Ho'ike kicks off festival
| Getting there is half the dance |
| Wanda A. Adams' online Merrie Monarch diary |
By Wanda A. Adams
Assistant Features Editor
HILO, Hawai'i They come from Panaewa and the Canadian provinces, from Tokyo and Tahiti.
Deborah Booker The Honolulu Advertiser
As dusk gathered last night, they filed into the Edith Kanaka'ole Stadium with their seat cushions and their plate lunches, their binoculars and their halau T-shirts for what is effectively hometown night at the Merrie Monarch Festival hula competition the annual free ho'ike (hula show).
Halau 'O Kekuhi performs for a diverse audience at the Merrie Monarch Festival ho'ike last night in Hilo.
Hosted by the hula family for which the stadium is named, the Kanaka'oles and their Halau 'O Kekuhi, the event is staged as a thank you to the community for putting up with the traffic and the crowds and because so few of them are able to get tickets to the three nights of hula competition that follow.
The rest of the week, says restaurateur Beth-An Nishijima, taking a brief break from catering food for Sonny Ching's Halau Na Mamo 'O Pu'uanahulu, "Hilo people stay inside, or like me they're too busy to watch hula."
Ho'ike night gathers a widely varied audience.
Not present, ironically, are the hula schools involved in the competition.
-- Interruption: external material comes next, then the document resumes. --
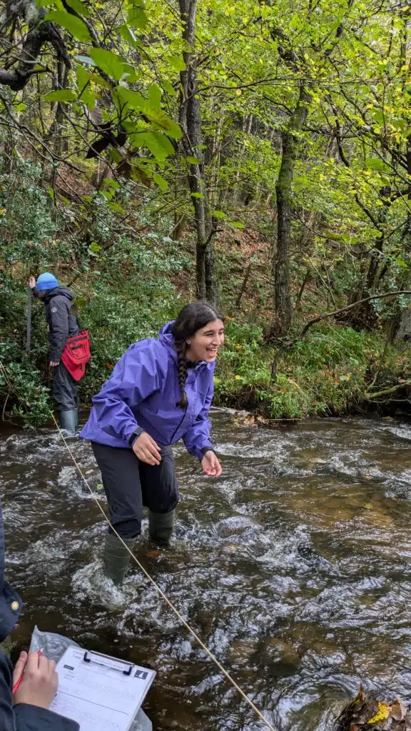 The following day, after some relaxation time in the Centre, the weather was similar but with thicker clouds and light rain. Wrapping up with extra layers of appropriate clothing and bringing our Wellington boots and waterproofs, we headed off to different tributary sites of the River Derwent in the North York Moors to complete Physical Geography fieldwork. This involved wading into the river channels to measure width, depth and dissolved load. Once again, the students worked efficiently in teams, collecting data accurately and without any significant disruption to the beautiful natural landscape around them. There were a few funny occurrences of water getting into Wellington boots (Joel H, Clinton N, Dominic P and Aalikhya V can provide more details) and the occasional unwanted attention from ‘giant’ spiders and other daring creatures that have the sheer audacity to live in the wild, but the students coped well and came away with good sets of results and good memories.

Their teachers keep them sequestered.
People who know nothing of hula come to see what the Hawaiian culture is about.
Regina Robbins and Greg Evans, who have been living in the Hilo area for about a year and plan to go back to their native Vermont soon, showed up at 3 o'clock in the afternoon because they'd been told that people stand in line to get in as early as 1 in the afternoon. (A bit of an exaggeration; 4 o'clock is more like it.) They have seen hula only once before, at a hotel lu'au, and were determined to take in the real thing before leaving the Islands.
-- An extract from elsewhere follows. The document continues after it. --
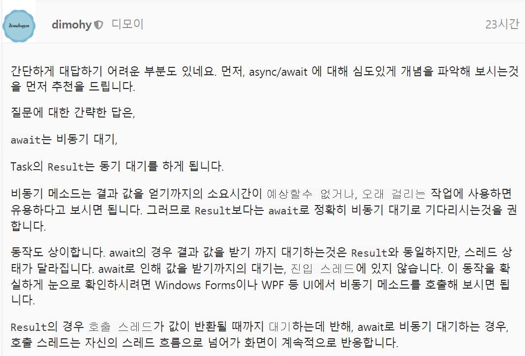 Await 와 result의 차이 질문 - ⁉️ .NET Overflow (Q&A) - 닷넷데브 (dotnetdev.kr)

Sarah and Robert Sloove of Alberta, Canada, had planned to be up in Volcano but stumbled across a halau ceremony in a local park earlier in the day. Sarah Sloove, who has worked with native peoples in her homeland, was so moved she wanted to see more, and they decided to linger in Hilo for the ho'ike.
Students of hula, such as members of Hilo High's Na Liko Lehua O Hilo Hanakai, come for inspiration and a break from practicing their May Day chants, according to 16-year-old Aylah Hoopi'i. "We just enjoy it," said her friend, Melissa Spalding, 16.
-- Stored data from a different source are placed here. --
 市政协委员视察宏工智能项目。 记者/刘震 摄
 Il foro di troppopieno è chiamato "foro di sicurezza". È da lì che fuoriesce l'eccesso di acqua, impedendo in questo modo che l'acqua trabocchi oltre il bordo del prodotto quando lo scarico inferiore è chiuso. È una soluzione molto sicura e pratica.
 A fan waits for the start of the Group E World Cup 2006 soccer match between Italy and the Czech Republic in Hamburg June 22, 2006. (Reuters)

Auntie Irene Midel, 75, has been coming to ho'ike for 41 years for the chance to dress up in a beautiful holoku, place a garden of orchids in her hair and "to wear my jewelries" which last night included four gold rings on one hand, four jade rings on the other, Hawaiian and Chinese bracelets halfway up each arm and a crocheted lei made by one of her seven children.
Becky Makuakane Takeya, born and raised in the Hilo area, came because she finally retired from the Hilo Parks Department and actually gets to watch hula instead of having to help clean up the place. "Now I can relax and really enjoy the dancing," she said, waving a fan in the still, warm air.
Neighbor Islanders benefit from ho'ike night, too: Joy Leo of Honolulu couldn't get tickets for the hula competition but planned a two-day trip with her friend, Shala Mata, to take in the hula show. "For me, the hula has always been representative of the divine feminine in the Hawaiian spirit. When you watch hula it's like life kundalini."
The night's entertainment was as varied as the audience: traditional hula from local hula school Halau Na Mamo O Ka'ala, Johnny Lum Ho's energetic Hilo halau and the even more energetic haka (Maori dance and chant) of Te Wharekura Kaupapa Maori a Roheo Rakaumanga.